American Sniper: Killer or Hero?

american-sniper-chris-kyleThe long awaited Clint Eastwood movie “American Sniper” was released last Friday and managed to pull in a cool $105 million over the weekend making it the highest grossing movie ever about the Iraq War. There have been dozens of Iraq War, themed films released over the last ten years, movies like “The Hurt Locker,” “Jarhead,” “Generation Kill,” “The Messenger,” “Green Zone” and “In the Valley of Elah” to name a few, but not one of these films managed to generate the buzz or earn the kind of money as “American Sniper.” Even the critically acclaimed  film “The Hurt Locker” which won the academy award for best picture in 2010, has, to date, only managed to generate $50 million worldwide, making it the lowest grossing film ever to win the best picture nod from the academy.

So what the big deal about “American Sniper?”  It’s not only pulling in the big bucks, but was also nominated for  6 academy awards including best picture. Why has this film succeeded where other Iraq war films have failed? Could it have been an incredibly written screenplay?  A well planned marketing strategy? A killer trailer? The lead actor Bradley Cooper? Or could it simply be a matter of timing?  It’s been a few years now since our involvement in Iraq officially ended, maybe Americans are finally ready for a film dealing with the unpopular war or perhaps Clint Eastwood has once again managed to hit on a topic that thoroughly fascinates us – snipers.
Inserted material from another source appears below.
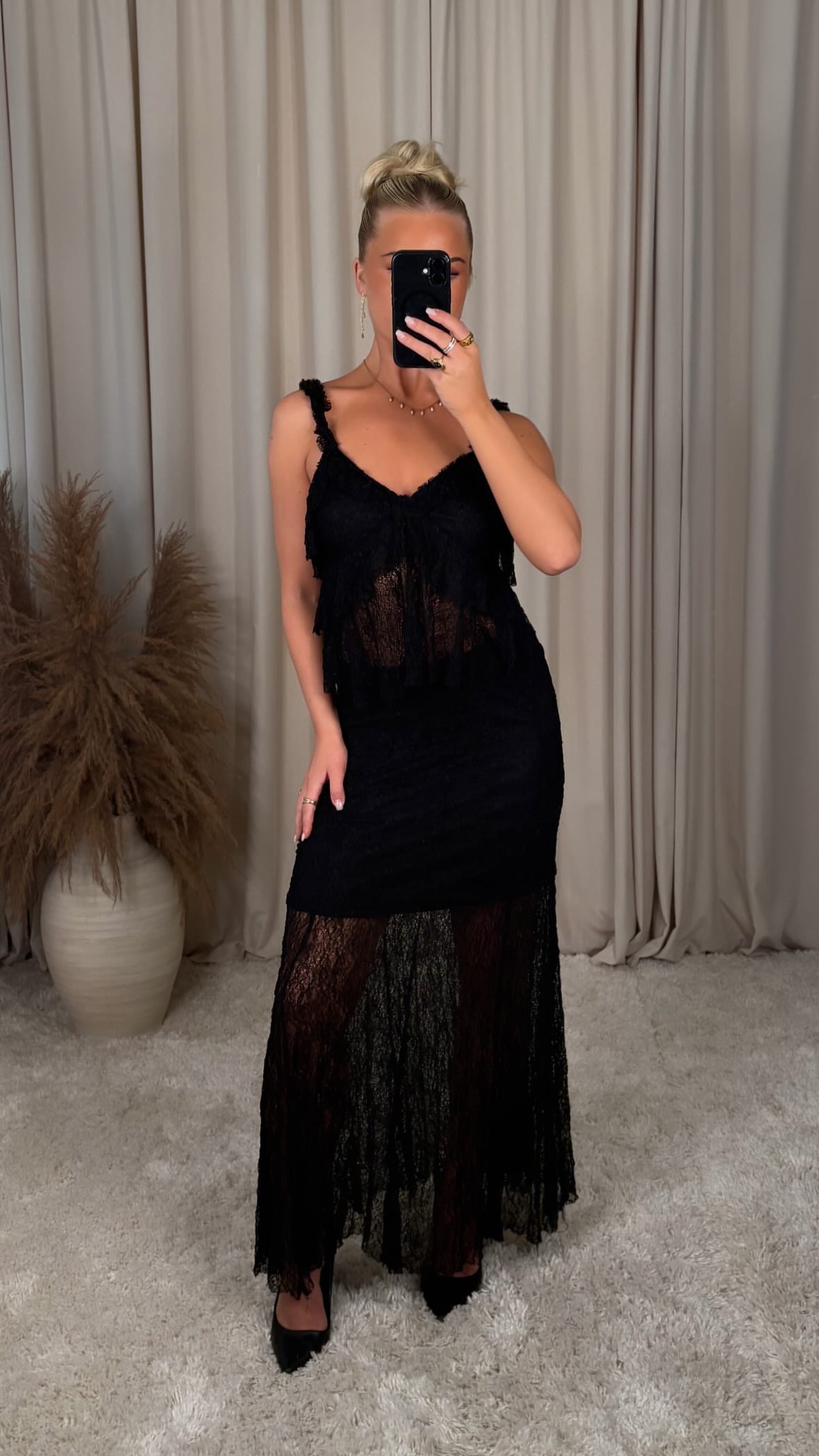 Elegant blúndupils Fallegt og kvenlegt pils úr fínlegri blúndu sem gefur létt og elegant yfirbragð. Pilsinu er hannað með teygju í mitti sem gerir það bæði þægilegt og fallegt í sniði. Neðri ... Sjá nánar

The movie is based on real life, American sniper Chris Kyle, a Navy SEAL who, with 160 confirmed kills, is said to be the deadliest sniper in U.S. military history.

So why the sudden fascination with military snipers. As part of the military strategy the sniper plays an integral role. Unlike regular infantrymen these specially trained gunmen make up a very small percentage of America’s soldiers. They do not simply aim and fire in the direction of the enemy as most combat soldiers do and are not on the front lines or war zone engaging in combat with the enemy. No, these killing specialists are well hidden and blend into their surroundings hundreds of yards from their intended targets. Using specially designed weapons equipped with high powered scopes they surveil their victims until the ideal kill shot is obtained and the ‘go’ order is given. They aim to kill, and do.
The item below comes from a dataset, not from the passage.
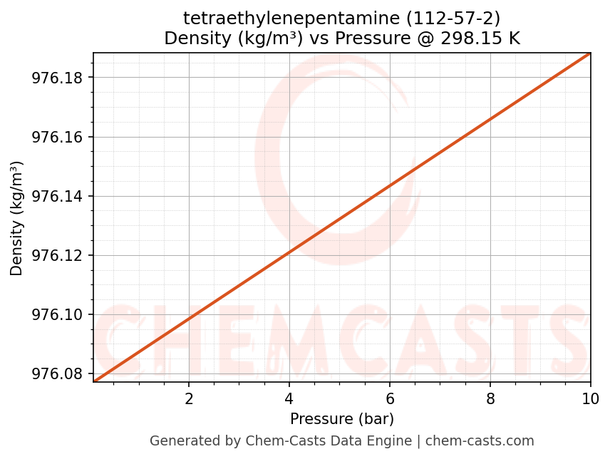 This page presents the pressure-dependent thermodynamic and transport properties of tetraethylenepentamine (CAS 112-57-2) calculated at a constant temperature of 298 K (25 °C) over the pressure range 0.10-10 bar.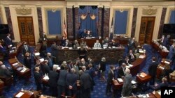 Të martën, vetëm gjashtë nga 50 senatorë republikanë votuan së bashku me demokratët për të përcaktuar se gjyqi ishte në përputhje me Kushtetutën dhe mund të vazhdonte edhe pse mandati i zotit Trump përfundoi në 20 janar.

For decades snipers have had a bad reputation and were often viewed as homicidal maniacs or psychopathic killing machines, who took great pleasure in taking out the lives of unsuspecting humans.In addition some people continue to believe that the notion of taking out targets by surprise violate the rules of fair military play. Although the methods they employ may be interpreted as cold-blooded and ruthless, they do get results, and in time of war their efficient killing skills are a necessary evil.

It has only been in the last 15 – 20 years that sniper’s have been seen in a more heroic light. Some researchers claim that the nations growing acceptance of the crucial role played by the sniper in wartime has more to do with the desensitizing of the American Psyche than a growing appreciation of a sniper’s killing skills.  Our over-exposure to gun violence, mass shootings, bombings, torture, war, etc., both real and imitated in movies and on TV  has had a numbing effect on our emotional response system to the point that we seem to accept the violence we see and hear about each and every day and accepted it as just a part of life. We simply go on about our business as usual. Do we actually care less? It would appear so as this is an extremely dangerous pattern affecting the lives of countless Americans. Think about it, do images or video footage on TV of war, shootings and other violence have the same affect on us that they had forty years ago even twenty years ago? I think not. Clearly we have become desensitized.

Now we have “American Sniper,” a movie that portrays a sniper as a trained professional soldier who carried out his killing with pride,  a man who actually enjoyed his job and thought killing was fun. Can this really be a true war hero?  I have no idea whether it is right or wrong to glorify a sniper used in time of war.  I believe that to end a war we must sometimes rely on drastic measures. A sniper is one tool or weapon in our arsenal to be used when needed, a means to an end. The whole point of using a sniper is to minimize the greater threat to our soldiers and  expedite the end of the war.  And that my friends is a very worthwhile purpose. But a war hero? Well, you’ll have to decide that for yourselves.